Chinese Nobel Peace laureate Liu Xiaobo has died, the government of the northeastern Chinese city of Shenyang, where he was being treated for late-stage liver cancer, said today.

The Shenyang legal bureau said in a brief statement on its website that Liu had suffered multiple organ failure and efforts to save him had failed.

Liu, 61, was jailed for 11 years in 2009 for "inciting subversion of state power" after he helped write a petition known as "Charter 08" calling for sweeping political reforms.

He was recently moved from jail to a hospital in Shenyang.

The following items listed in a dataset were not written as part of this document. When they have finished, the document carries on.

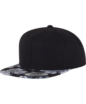 Roses snapback. Classic pro baseball shape with reinforced front and matching snap closure. Subtle rose print on the visor.Product Features
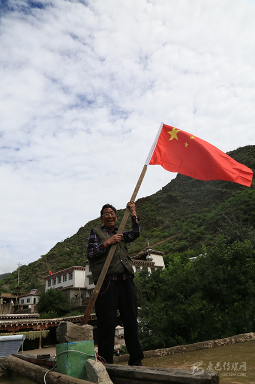 8月5日早晨7時(shí)50分,鬧鈴響起。巴塘縣蘇哇龍鄉(xiāng)絨岔絨村73歲的藏族老人翁修從臺(tái)柜上拿起疊得整整齊齊的國(guó)旗,登上樓頂,把國(guó)旗穿進(jìn)旗桿后,靜靜地等待著;8時(shí),老人揮舞國(guó)旗,高唱國(guó)歌:“起來(lái),不愿做奴隸的人們……”
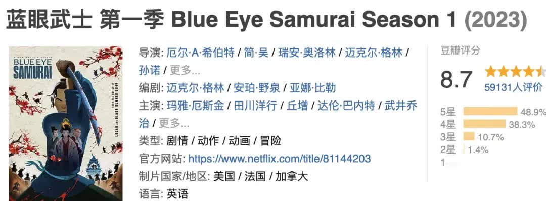 如若你心爱复仇题材和大女主戏,那么Netflix的高分动画剧集《蓝眼武士》竣工值得一看。
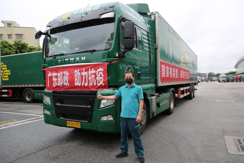 在一趟趟緊急防疫物資爭分奪秒的運(yùn)輸中,在一件件承載著期盼與溫暖的郵件安全送達(dá)中,謝永軍一次又一次往返廣州與武漢之間,用實際行動踐行著郵路老兵的使命和擔(dān)當(dāng)。
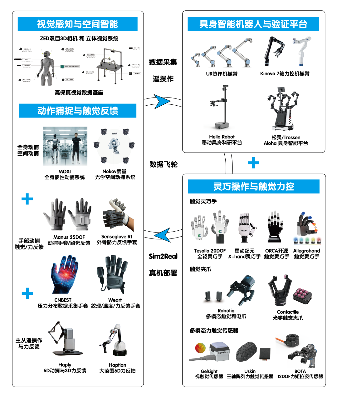 凭借在机器人与传感器领域十余年的深厚积累,公司整合全球上百种前沿硬件资源,构建了覆盖“视觉感知、动作示教、触觉力控、意图认知、灵巧操作”五大模态的模块化数据采集平台。
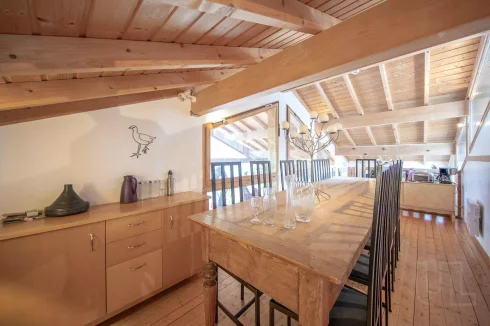 The main living area is bright and inviting, featuring a fireplace and large windows that frame stunning views of the surrounding forest and mountains. These open out onto a sunny south-west facing balcony, perfect for soaking up the alpine atmosphere. A mezzanine above the lounge and kitchen serves as a dining area, creating a warm and welcoming space for family and friends to gather.
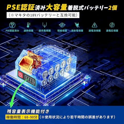 【安全ロックボタン・LEDライト搭載】作業中の安全性を最優先に考え、安全ロックボタンを搭載。ロックを解除しなければスイッチトリガーを引けない設計で、誤作動をしっかり防止します。スイッチから指を離すとすぐに停止するため、初心者でも
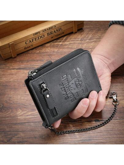 1pc New Men Wallet Vintage Skull Multi-Function Zipper Card Holder Wallet For Young Student Versatile Multi Card Slots Wallet Purse Wallet Mini Wallet Men Wallet Leather Small Wallet - Black - View 1
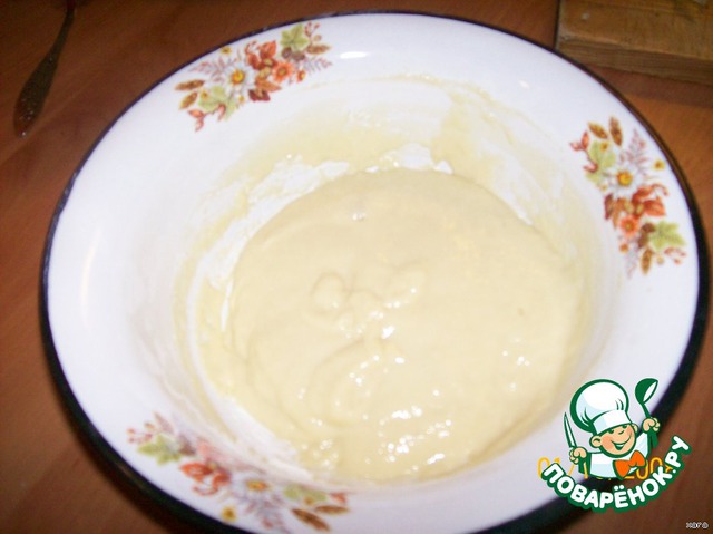 Из яйца, 3-4 ст. ложек молока, муки, соли замесить тесто густотой как для кекса или оладьев.
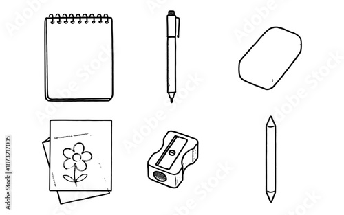 stationery, school supplies, art supply, drawing, notebook, pen, crayons, eraser, sharpener, paper, illustration, hand-drawn, vignetting, doodle, back to school, education, office supply, writing, creative, design, icon, set, collection, minimalist, outline, simple, white background, isolated, object, tool, learning, childhood, artistic, craft, element

Liu was the co-author of a pro-democracy manifesto called Charter 08, which attracted more than 10,000 signatures online before the authorities deleted the document from internet pages and chatrooms. He was awarded the Nobel Peace Prize in 2010, a year after he was sentenced to 11 years in prison for inciting subversion.

Charter '08, issued in 2008, reflected an apparent shift in China at the time towards becoming more open to liberal ideals, said Beijing-based historian and political commentator Zhang Lifan. That changed when Xi Jinping came to power in 2013.

Carl von Ossietzky, a pacifist who died in 1938 in Nazi Germany's Berlin, was the last Nobel Peace Prize winner to live out his dying days under state surveillance.